An der Rezeption sind jetzt Plastikabtrennungen installiert, wie auf Fotos zu sehen ist, auf dem Boden weisen Aufkleber auf den Abstand hin ("1 m"). "Ich habe jeden einzelnen Aufkleber auf dem Schiff selbst angebracht", sagt Hotelmanager Florian Kibgilka, "kein Witz!" Jeder zweite Tisch in den Restaurants sei blockiert, sagt er, die Bar geschlossen, Büfetts gibt es nicht mehr. In Sauna, Pool und Fitnessräumen gelten Kapazitätsbeschränkungen. Die norwegischen Gesundheitsbehörden halten eine Maskenpflicht an Bord dagegen für nicht notwendig, nur, wo es eng werden könnte.
Fiebertest beim Check-in
"Supergut" fühle sie sich vor Antritt ihrer Kreuzfahrt, sagt Mechthild Schäfer. Sie habe keine Bedenken, an Bord zu gehen: "Ich weiß, dass Hurtigruten hohe Standards hat." Die 66-Jährige ist seit 2003 mit den Norwegern unterwegs. Zusammen mit ihrem Mann ist sie aus Nidda angereist und steht jetzt mit zwei großen Koffern vor dem Terminal. Eigentlich wollten sie auf die "Fram" im Sommer - wegen Corona abgesagt. Dann mit der "Fridtjof Nansen" nach Island - abgesagt.
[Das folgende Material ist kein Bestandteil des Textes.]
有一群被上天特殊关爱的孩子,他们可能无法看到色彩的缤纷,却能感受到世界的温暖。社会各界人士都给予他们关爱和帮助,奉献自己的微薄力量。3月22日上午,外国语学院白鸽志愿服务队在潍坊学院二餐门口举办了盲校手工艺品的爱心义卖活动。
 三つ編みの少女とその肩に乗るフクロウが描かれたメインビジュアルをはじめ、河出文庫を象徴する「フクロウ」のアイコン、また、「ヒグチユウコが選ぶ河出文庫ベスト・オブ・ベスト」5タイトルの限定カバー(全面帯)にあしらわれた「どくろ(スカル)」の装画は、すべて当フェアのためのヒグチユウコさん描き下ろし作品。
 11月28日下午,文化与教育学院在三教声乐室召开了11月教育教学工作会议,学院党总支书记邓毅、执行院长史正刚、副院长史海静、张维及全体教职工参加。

Jetzt ist das Paar unter den ausschließlich deutschen Passagieren, die erst einen Corona-Fragebogen ausfüllen und den Fiebertest beim Check-in bestehen müssen, bevor sie sich in den 264 Kabinen und drei Restaurants des 140 Meter langen Schiffs verteilen dürfen. Zwischen rund 4900 und 15.000 Euro haben sie dafür pro Person bezahlt.
161 Crewmitglieder sind für sie da, davon allein 18 zuständig für Unterhaltung und Ausflüge. Landgänge allerdings wie sonst etwa in Bergen, Tromsö oder am Nordkap sind auf dieser ersten von sechs Touren ab Hamburg nicht möglich. Bis 15. Juli gelten in Norwegen noch die Quarantäneauflagen für Deutsche.
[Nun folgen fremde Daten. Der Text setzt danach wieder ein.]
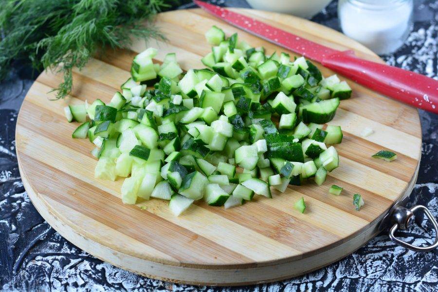 Свежие огурцы нарежьте кубиками.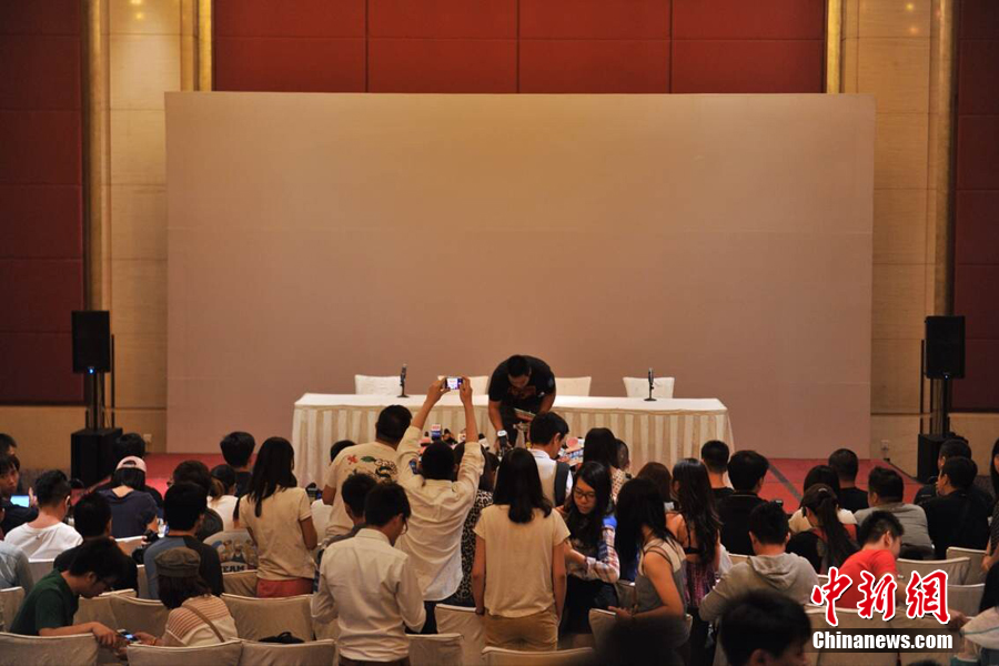8月29日,因吸毒被行政拘留14天的台湾男星柯震东在北京丽晶酒店举行道歉发布会。柯震东于8月29日凌晨获释,并在父母的陪伴下乘车回到酒店。图为多家媒体在现场等待发布会开始。 中新网记者 金硕 摄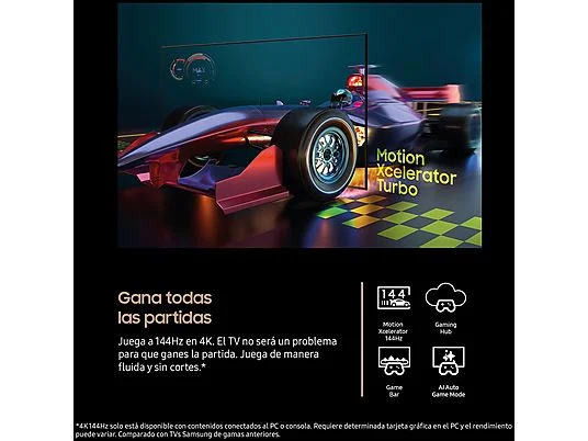 Dolby Atmos, OTS Lite, Q-Symphony, Tipo de altavoz 4CH, Amplificador Voz Activa Pro, Adaptive Sound Pro, Interacción por voz a larga distancia, Funciona con altavoz de IA, Gaming Hub, Multi Device Experience, Multi-View, Apple AirPlay, Daily+, Storage Share, Live Translate, Click to Search, Generative Wallpaper, Karaoke Mic |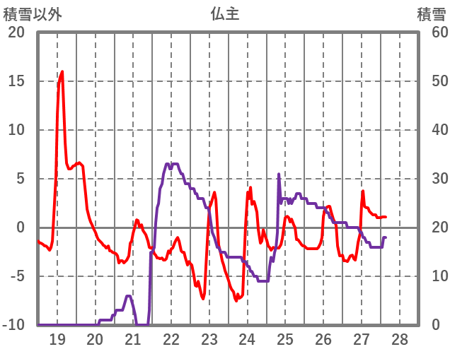 | 日 | 時 | 気温 | 降水 | 風向/風速 | 日照 | 積雪 | 降雪 |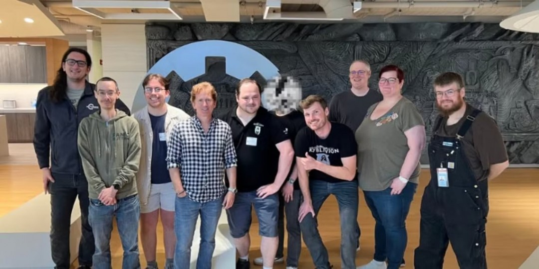 如今双方关系又添新佳话:据《Skyblivion》社交账号透露,贝塞斯达近日特邀开发团队参观工作室,双方不仅进行了深入的技术交流,还拍摄了系列合影留念。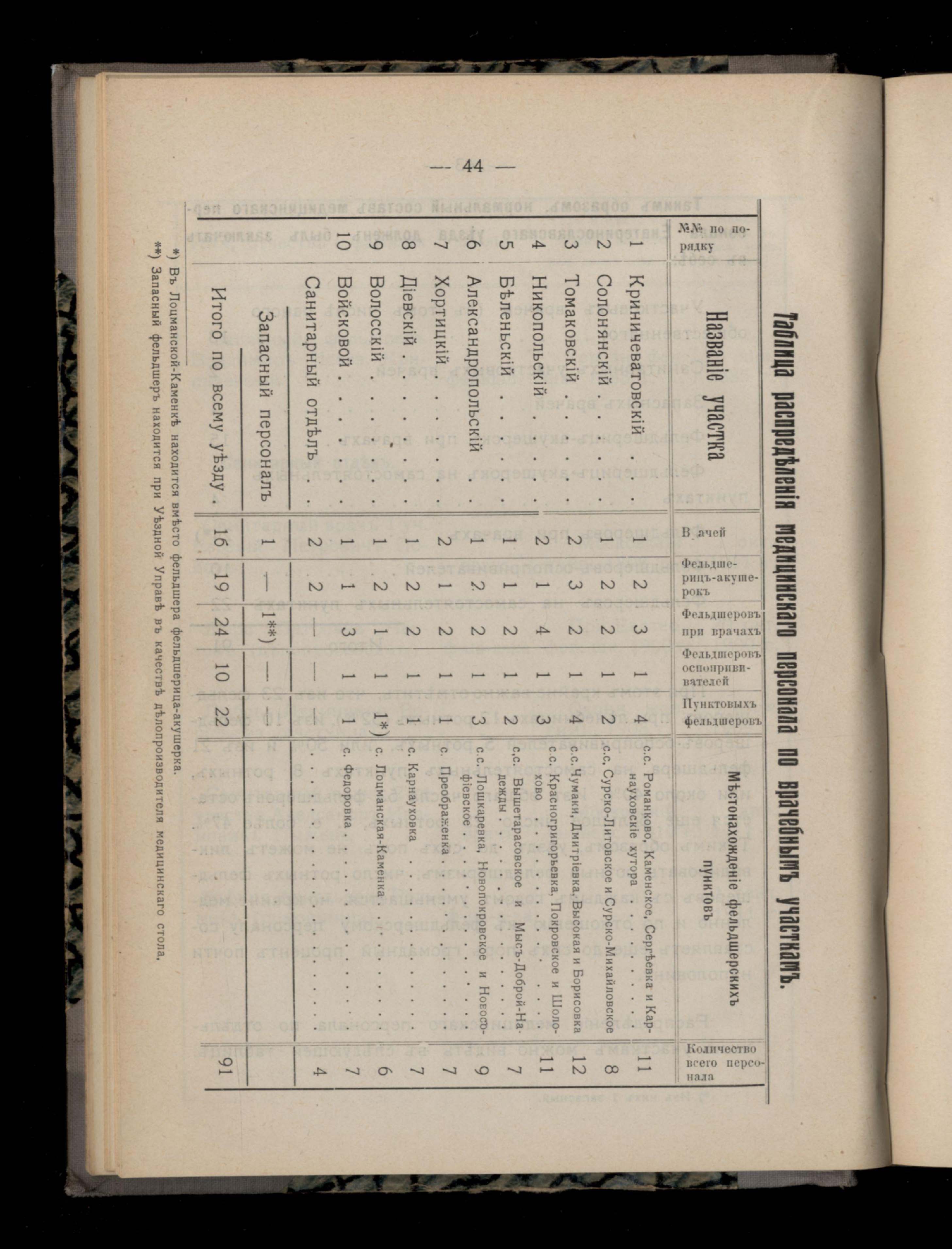 50. Таблица распределенія медицинскаго персонала по врачебнымъ участкамъ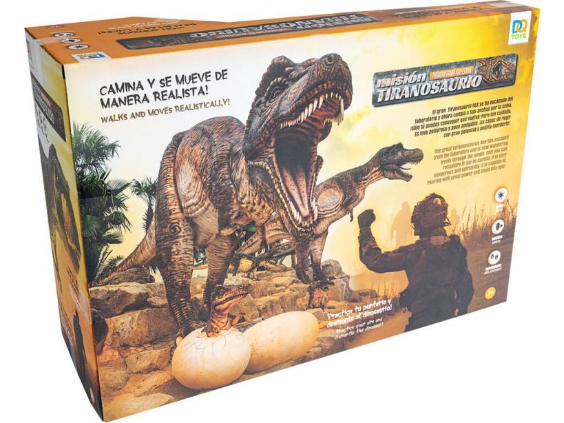 ¡Pon a prueba tu puntería frente a un ser aterrador! ¡Gracias al nuevo pack Misión Tiranosaurio Dinosaurio Andador Desmontable Marrón con Pistola!Un peligroso dinosaurio se ha escapado y has de proteger al resto de animales de la selva, coge tu pistola y apunta al dinosaurio. Tienes una misión muy especial, apunta al dinosaurio y trata de dar en el blanco hasta desmontar este genial dinosaurio de juguete.El dinosaurio se ha fabricado en plástico ligero y resistente, con luces y sonidos de acción, movimientos y piezas desmontables.Edad recomendada: + 3 años.Incluye: 1 dinosaurio andador desmontable de color marrón de la colección Misión Tiranosaurio con luces y sonidos, 1 pistola para jugar junto al dinosaurio y 1 bote de plástico para llenar con agua el dinosaurio.Medidas aproximadas del dinosaurio: 26 cm de alto, 12 cm de ancho y 40 cm de largo.Medidas aproximadas de la pistola: 13 cm de alto, 3 cm de ancho y 17 cm de largo.El dinosaurio funciona con 4 pilas «AA» (no incluidas)Puede encontrar las pilas y bateríasLa pistola funciona con 2 pilas «AAA» (no incluidas)Puede encontrar las pilas y baterías

Solange besteht das Bordprogramm vor allem daraus, aus dem Fenster oder von Deck aus auf Fjorde, Berge und das Meer zu blicken. Dazu gibt es Workshops und Vorträge, Schlauchbootausflüge, Stand-up-Paddling und Kajakfahren. "Und Aquavit-Tastings", sagt Kibgilka. Nur Kreuzfahrtschiffen anderer Reedereien, die sonst den Mittsommer am Polarkreis ausnutzen, wird die "Fridtjof Nansen" nicht begegnen. Mechthild Schäfer stört das nicht: "Stadtbesuche brauchen wir nicht, Hauptsache Natur", sagt sie.
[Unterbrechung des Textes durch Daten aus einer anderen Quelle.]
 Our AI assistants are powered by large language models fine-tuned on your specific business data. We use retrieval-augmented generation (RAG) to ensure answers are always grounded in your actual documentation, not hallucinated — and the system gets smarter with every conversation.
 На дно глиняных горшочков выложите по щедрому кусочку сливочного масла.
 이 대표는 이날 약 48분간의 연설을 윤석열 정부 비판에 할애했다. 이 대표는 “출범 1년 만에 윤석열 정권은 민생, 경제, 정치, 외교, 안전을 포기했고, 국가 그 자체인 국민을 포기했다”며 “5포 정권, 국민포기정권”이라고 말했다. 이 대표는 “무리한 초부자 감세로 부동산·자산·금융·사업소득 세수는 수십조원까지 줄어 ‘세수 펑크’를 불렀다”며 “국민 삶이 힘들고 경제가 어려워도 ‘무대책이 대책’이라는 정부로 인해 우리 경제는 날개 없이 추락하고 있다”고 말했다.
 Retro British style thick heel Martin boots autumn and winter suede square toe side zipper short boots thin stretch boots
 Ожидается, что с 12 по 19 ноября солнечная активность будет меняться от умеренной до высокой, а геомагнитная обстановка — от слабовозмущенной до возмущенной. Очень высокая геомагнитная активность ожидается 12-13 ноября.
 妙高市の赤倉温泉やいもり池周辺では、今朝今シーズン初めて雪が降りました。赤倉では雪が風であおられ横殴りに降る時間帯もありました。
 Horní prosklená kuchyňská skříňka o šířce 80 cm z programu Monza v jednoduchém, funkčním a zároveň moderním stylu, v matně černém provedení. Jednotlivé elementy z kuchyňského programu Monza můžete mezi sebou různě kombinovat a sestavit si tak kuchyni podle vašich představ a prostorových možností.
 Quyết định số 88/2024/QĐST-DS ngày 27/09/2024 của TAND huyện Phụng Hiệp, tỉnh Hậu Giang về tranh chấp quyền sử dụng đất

Hurtigruten mit ihrem Staatsvertrag für die Postschiffe hat den Betrieb nie ganz eingestellt - während Aida, TUI Cruises, MSC und alle anderen Reedereien weltweit nach und nach Hiobsbotschaften und Absagen verkündeten und Schiffe wie die "Diamond Princess" in Tokio oder "Mein Schiff 3" in Cuxhaven mit infizierten Passagieren oder Crews an Bord in Quarantäne waren. Die Coronakrise beendete den Boom der gesamten internationalen Kreuzfahrtbranche. Gerade erst hat die spanische Reederei Pullmantur unter dem Ex-TUI-Cruises-Chef Richard Vogel Insolvenz angemeldet, sie ist nicht die erste.
Kreuzfahrten hat aber auch Hurtigruten lange nicht durchgeführt, nur die Postschiffe hatten einige Passagiere an Bord. Erst seit dem 16. Juni können Norweger wieder mit Schiffen wie der "Finnmarken" ab Bergen auf Fahrt entlang der Küste gehen. Von den Erfahrungen mit den Corona-Maßnahmen dort profitiere die Reederei, sagt Kibgilka.
Auch andere Reedereien wollen wieder starten
Hurtigruten will zunächst bestimmte Schiffe und bestimmte Routen zur Sicherheit nur für überwiegend eine Nationalität anbieten - als erste waren die Norweger (und Dänen) dran, jetzt sind es die Deutschen. Wer danach mit in die Fjorde cruisen darf, ist noch unklar. Nur 350 der 530 Kojen der "Fridtjof Nansen" werden vergeben - auch wann sich das ändert, hängt vom Verlauf der Coronakrise ab.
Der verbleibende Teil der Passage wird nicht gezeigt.